My initial idea was for some kind of transponder on the target object, a simple receiver/transmitter that would operate in receive mode and, when it detected an incoming transmission with a particular encoded value (e.g. to identifiy which transponder was being "queried" for its range) would respond by transmitting back with another encoded value. The device doing the querying would be the one with the counter circuitry; it would zero the counter, start it counting, send out a coded value via its radio transmitter, wait for the return coded transmission, stop the counter, read the value of the counter, subtract the appropriate amount from that value (which is due to "processiong time") to arrive at the total actual transmission time, i.e. how long the radio wave took to get from the transmitter, to the transponder, and back to the receiver, divide by two and get the range between the objects.
When I came across the Stamp (Propeller/SX) I thought maybe it would simplyify the design and reduce how much cicuitry I had to have designed and built. But maybe not. Maybe I need to go back to mostly specially-built circuitry. So, I guess I need someone who could handle that kind of design.
Any suggestions?
- Roger
In any tuned circuit time-of-flight system such as you're proposing, the uncertainty in a wave pulse's time of arrival will be inversely proportional to its carrier frequency. What this implies is that your carrier frequency will have to be several times greater than the 12GHz counter frequency in order to keep the time-of-arrival uncertainty within specs. Also, in non-line-of-sight situations, there will be multi-path issues, wherein the arriving wave pulses can be distorted by having traveled over different routes, due to reflections along the way.

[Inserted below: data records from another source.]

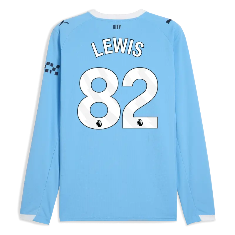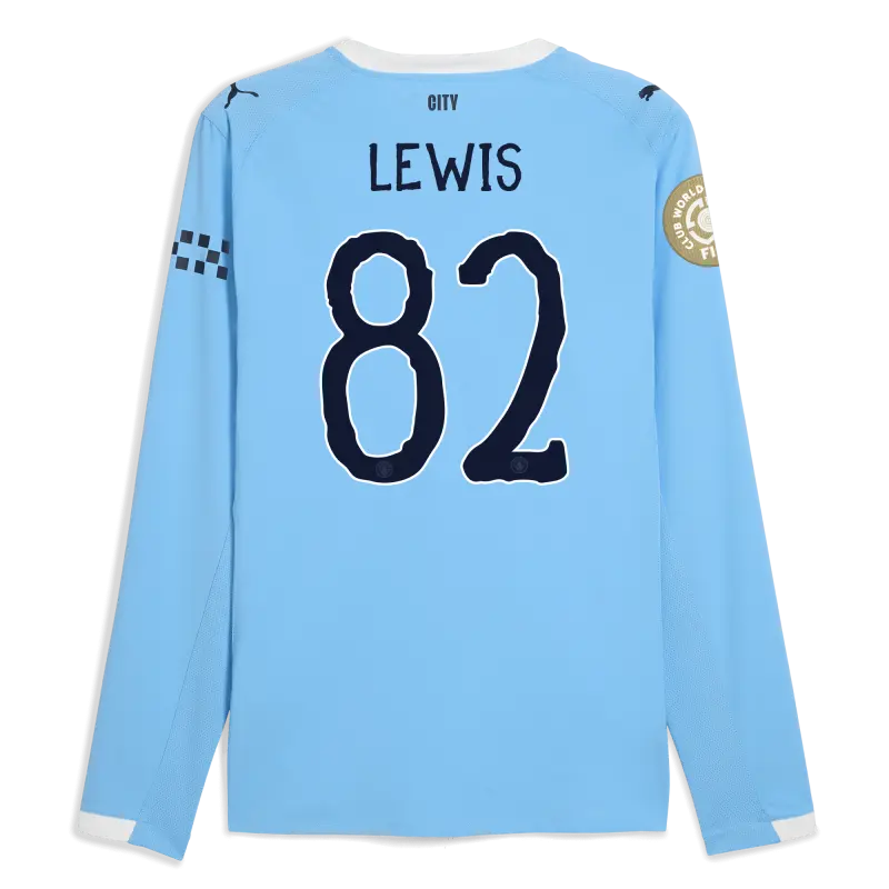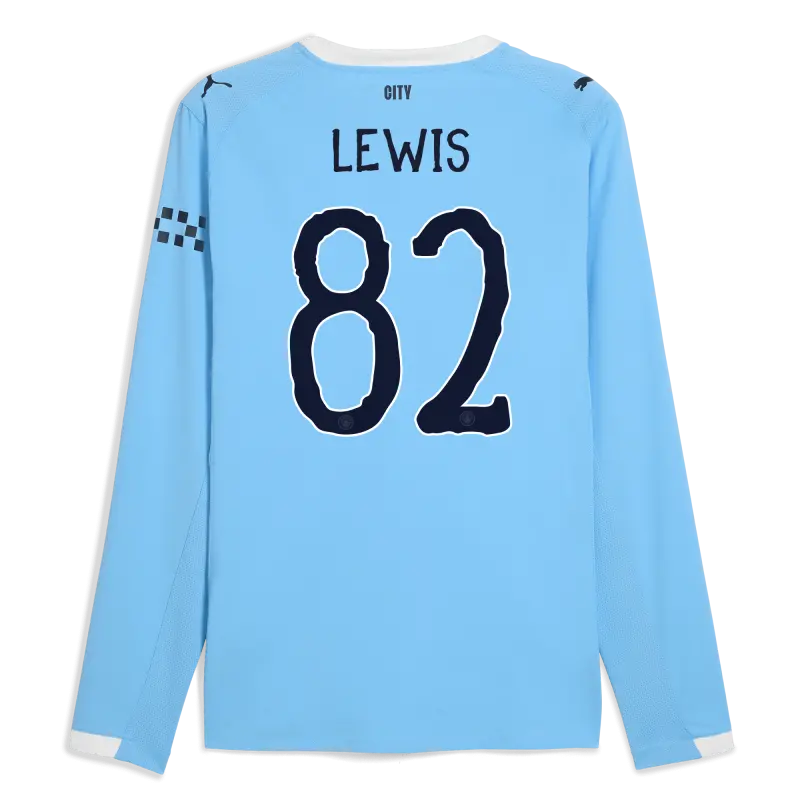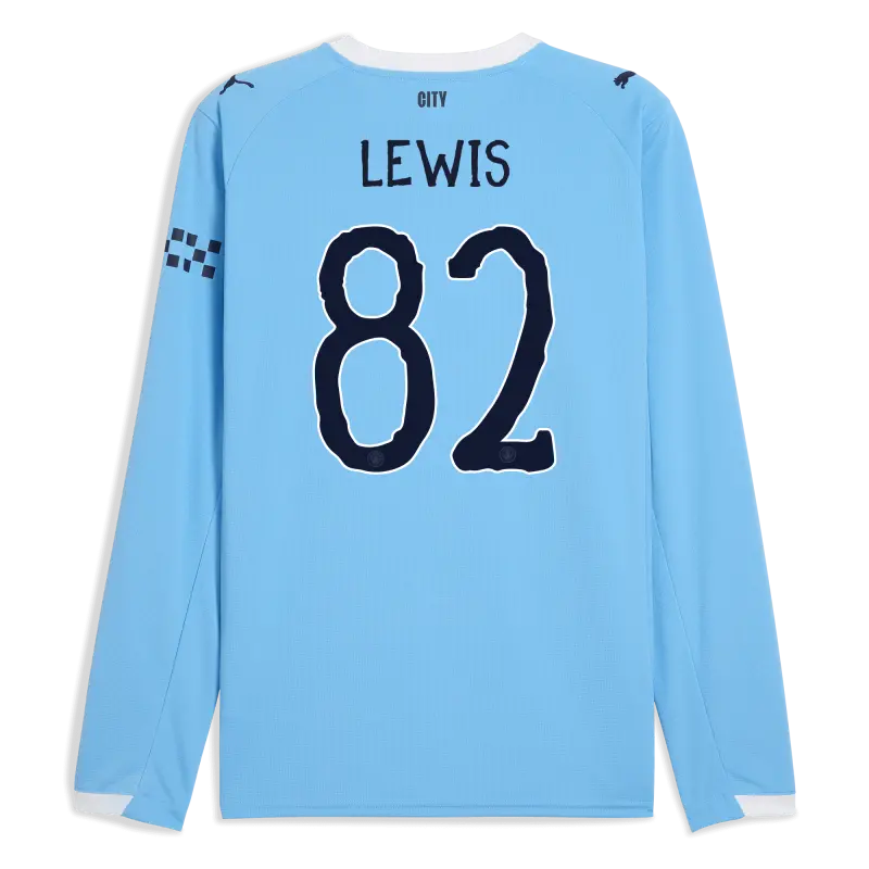Manchester City Home Jersey 2025/26 Long Sleeve With LEWIS 82 Printing
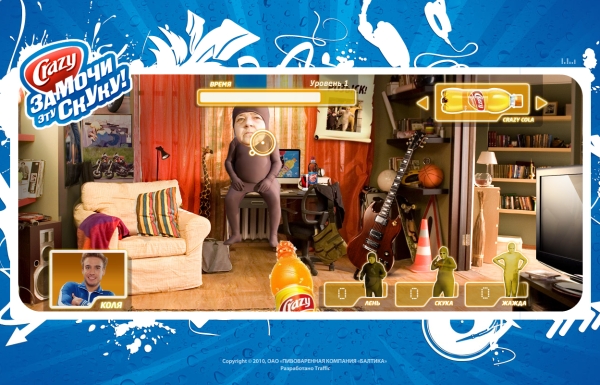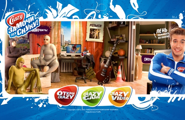 "Балтика" и TRAFFIC побороли СкукуАгентство интерактивных маркетинговых коммуникаций TRAFFIC разработало промо-сайт в поддержку торговой марки Crazy. Crazy - это безалкогольный газированный напиток, производителем которого является пивоваренная компания "Балтика".На страницах промо-сайта пользователи могут не только познакомиться с новым позитивным напитком, представленным тремя популярными вкусами - освежающий лимон, сочный апельсин и оригинальная кола, - но также вместе с отважным Crazy Колей сразиться с Ленью, Скукой и Жаждой. "Скука, Жажда и Лень часто, а в установившуюся этим летом жару особенно, стремятся стать постоянными спутниками человека и не дать ему двигаться дальше. Поэтому мы придумали, как в игровой манере побороть их с помощью виртуальных напитков Crazy. В реальной жизни останется лишь освежиться настоящими Crazy Cola, Crazy Orange или Crazy Lemon, - говорит креативный директор TRAFFIC Валерий Сивцев. - Кроме того, достаточно простая, но при этом увлекательная аркада позволяет бренду установить более тесную коммуникацию с потребителем". |
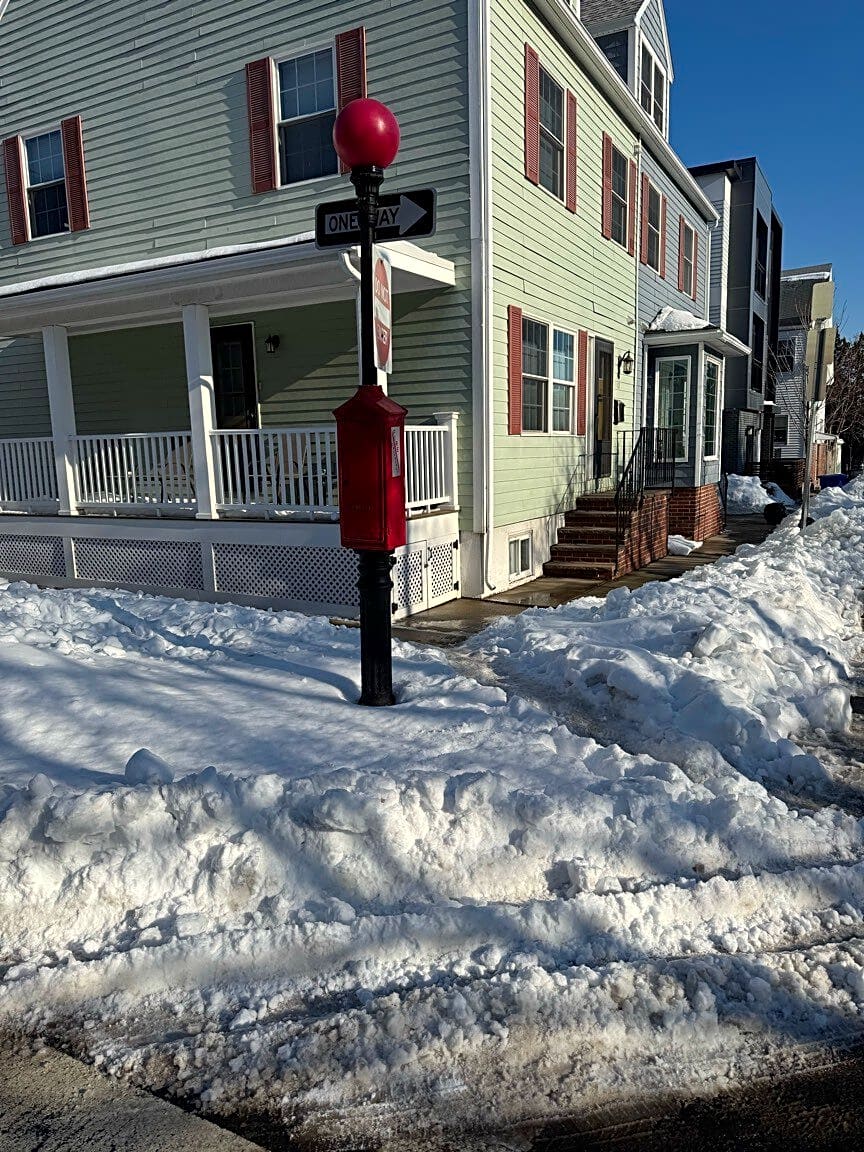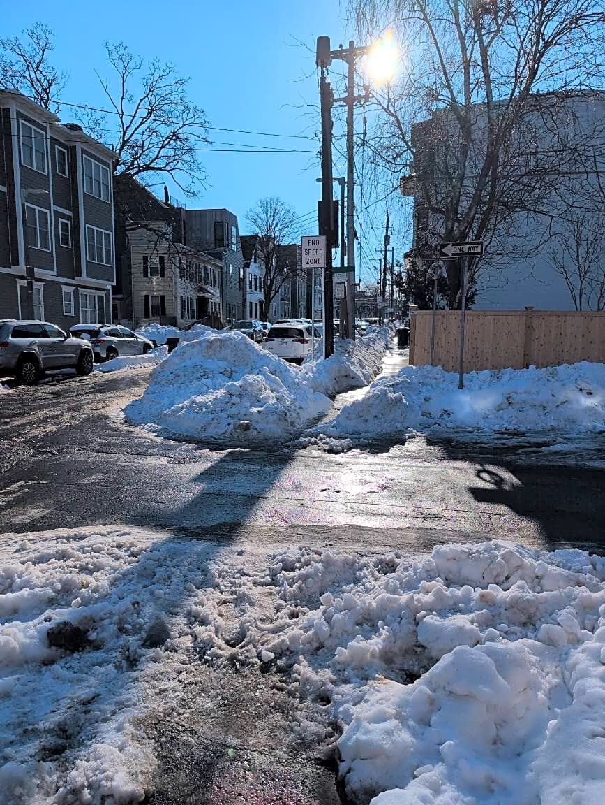81 S Huntington Ave, Jamaica Plain, Ma, 02130My street (craftson way) needs to be plowed. I am not home right now (I had to walk to work) so I don’t have a picture of the snow. It is on a bit of a hill and small cars are unable to get out.
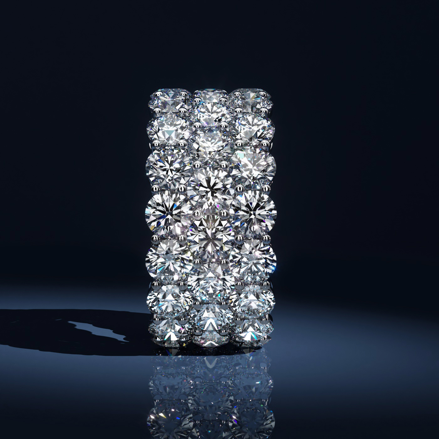This band, masterfully crafted in platinum, showcases three rows of shimmering round diamonds that encircle the finger in a brilliant embrace. Each diamond, weighing approximately 11.75 carats in total, is GIA-certified D-E colour and VVS clarity. Designed for those who appreciate the finer things in life.
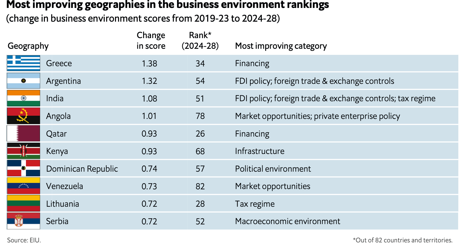 «Η Ελλάδα πέτυχε τη μεγαλύτερη βελτίωση στη βαθμολογία του δείκτη επιχειρηματικού περιβάλλοντος, που καταρτίζει ο Economist, σύμφωνα με τη σχετική έρευνα που δημοσιοποιήθηκε σήμερα.
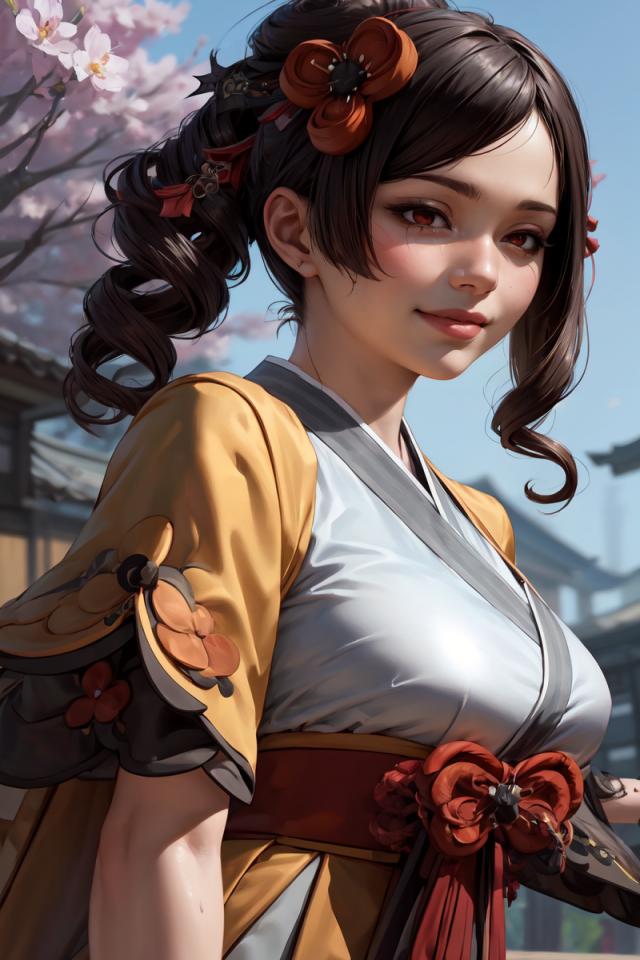| Prompt | <lora:chiori:1>chiori, 1girl, brown hair, drill hair, hair ornament,hair flower, flower, red eyes, elbow gloves,short sleeves,wide sleeves, japanese clothes, kimono, pleated skirt,dress, black thighhighs,
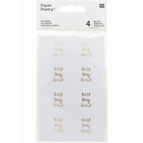 Gestalten Sie Hochzeitskarten oder Gesangshefte sowie Tisch- oder Einladungskarten mit den Stickern „Best Day Ever“. Der goldene Schriftzug auf dem weißen Hintergrund passt ideal zu jeder Tischdeko. Sie erhalten auf 4 Blättern jeweils acht Sticker.
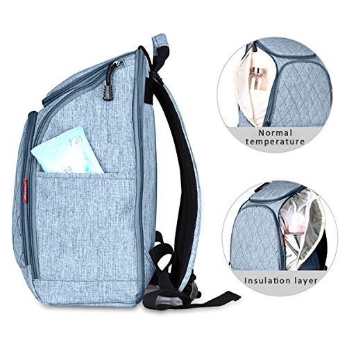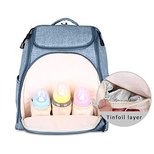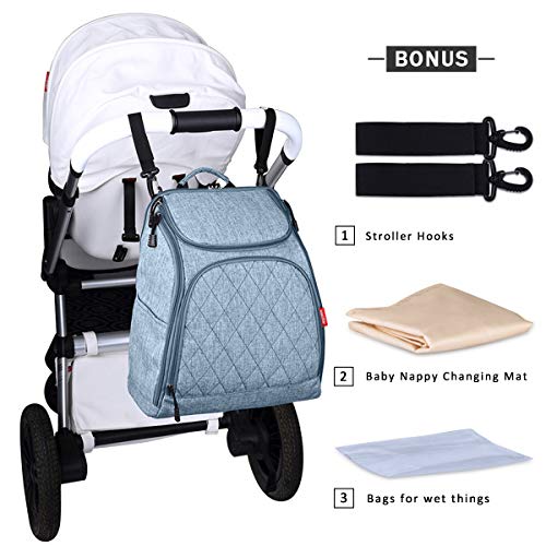 SONARIN多機能マザーズバッグ、ベビーカーストラップ、おむつ交換パッド、大容量、ベビーおむつ交換バックパック、おむつバッグ、旅行バックパックオーガナイザー、防水、背面に大きな開口、スタイリッシュで耐久性、理想的なギフト(ブルー)
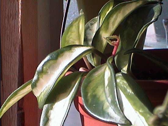 Увидела в магазине пестролистную хойю как раз такую как я давно хотела - желто-белая середина и зеленая кайма, а молодые листья с розовым оттенком. Но стоит она 550 р. четыре веточки на каркасе. Я бы конечно купила не задумываясь, будь они все пестролистными. А они в самом начале все пестролистные, а потом три из четырех веточек обросли крупными темно зелеными листьями. Продавец сказала, что это от того что она стоит в темном месте, только я сомневаюсь, т.к. один черенок все таки с ярко выраженной пестролистностью. Вот я и думаю, не происходит ли с хойями то же самое , что с филодендроном и традесканцией, которые иногда просто перерождаются из пестролистных в обычные, и эти побеги надо обрезать, т.к. они более сильные и будут подавлять пестролистные?
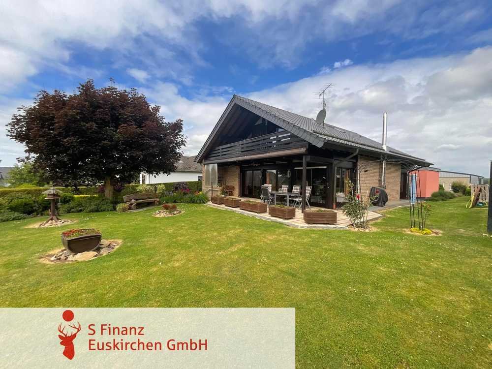 Das Hauptgebäude wurde 1993 in hochwertiger Feldbrandstein-Verklinkerung errichtet und verströmt mit seinen sichtbaren Holzbalken, rustikalen Elementen und dem offenen Grundriss im Erdgeschoss einen unverwechselbaren Landhauscharme. Großflächige Panoramafenster sorgen für ein helles und freundliches Ambiente und bieten direkten Zugang zur großzügigen Terrasse mit atemberaubender Aussicht. Auf rund 152,80 m² Wohnfläche stehen Ihnen im Erdgeschoss ein großzügiger Wohn- und Essbereich mit Kamin, die Küche sowie ein separates Duschbad zur Verfügung. Im Dachgeschoss befinden sich zwei bis drei Schlafzimmer – jeweils an den Giebelseiten gelegen – mit Zugang zu den angrenzenden Balkonen sowie ein Badezimmer mit Badewanne und Dusche. Alle Fenster sind mit elektrischen Aluminium-Rollläden ausgestattet. Das Haus ist voll unterkellert und verfügt über eine integrierte Garage mit direktem Zugang zum Wohnbereich.
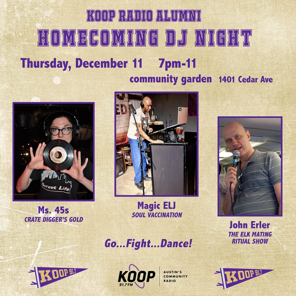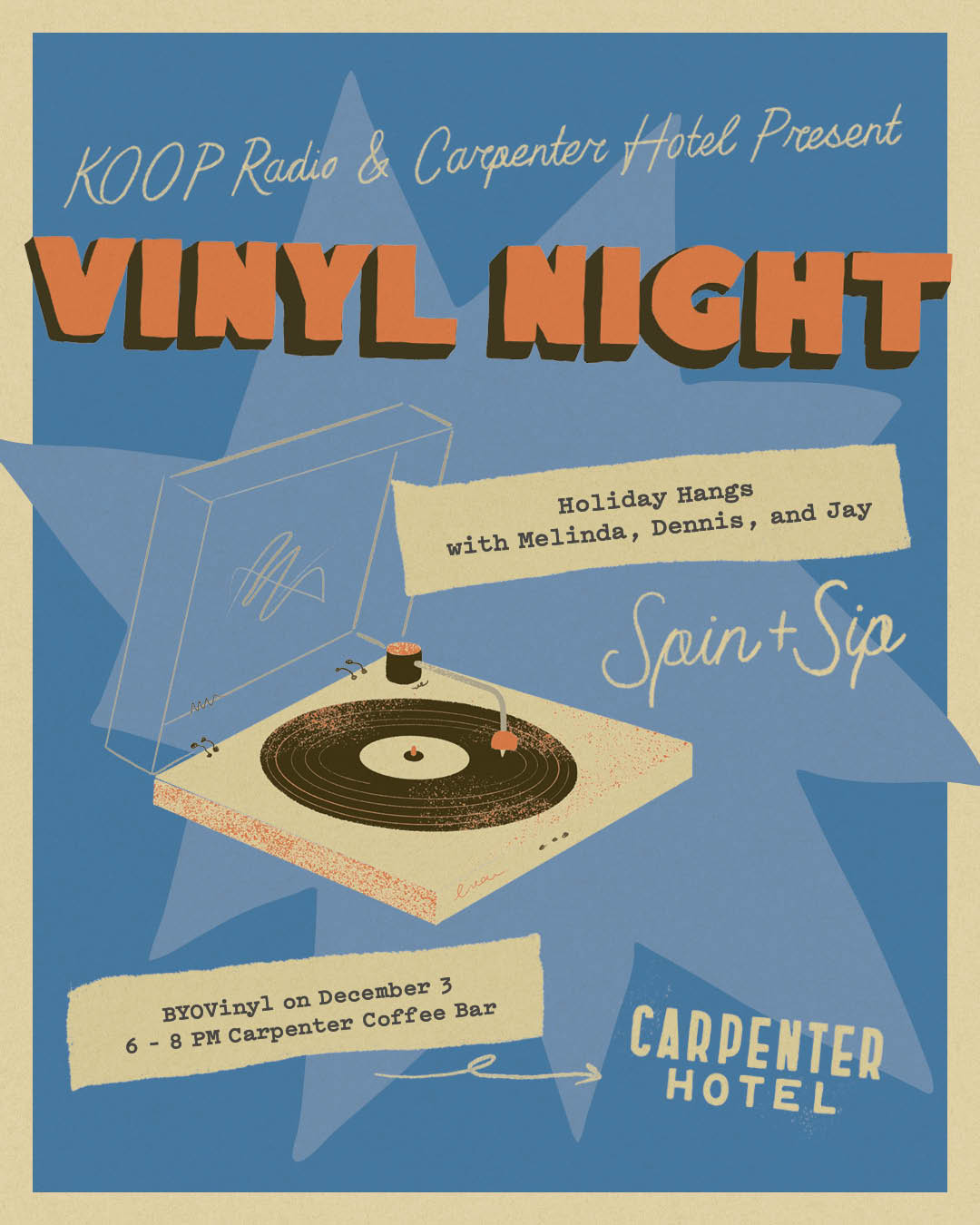 The end of the year may be near, but we aren't done spinning with you just yet. Join us one last time this year at The Carpenter Hotel for a night of holiday hangs and tunes with KOOP DJs Jay Robillard (The Lounge Show), Dennis Campa (Adventures In Sound) and Melinda Bee (The Africa Express). […]

A system that might hold some promise would use ultrawideband (UWB) transmissions, which consist of coded, picosecond bursts, whose energy is spread over a wide spectrum. (Zigbee is an example of UWB radio.) By syncing to these coded bursts, you may be able to get the accuracy you're after. But I have no idea what devices are available to do this or how it might be implemented. If you Google uwb transponder, you will get a host of links.
-Phil
Thanks to one and all for your comments on this issue. I really appreciate your taking the time to consider my posting and provide feedback.
Let me explain what it really is that I’m trying to do, and maybe it will prompt some ideas or alternative approaches…
My brother has over fifty acres of Christmas trees. The grass between the trees needs to be mowed about every three weeks. That’s a tremendous amount of labor, so I was trying to come up with an automated robotic mower that could handle the work for him. I’m a software engineer, and am pretty certain I can come up with a comprehensive approach to the robot control (software) issues.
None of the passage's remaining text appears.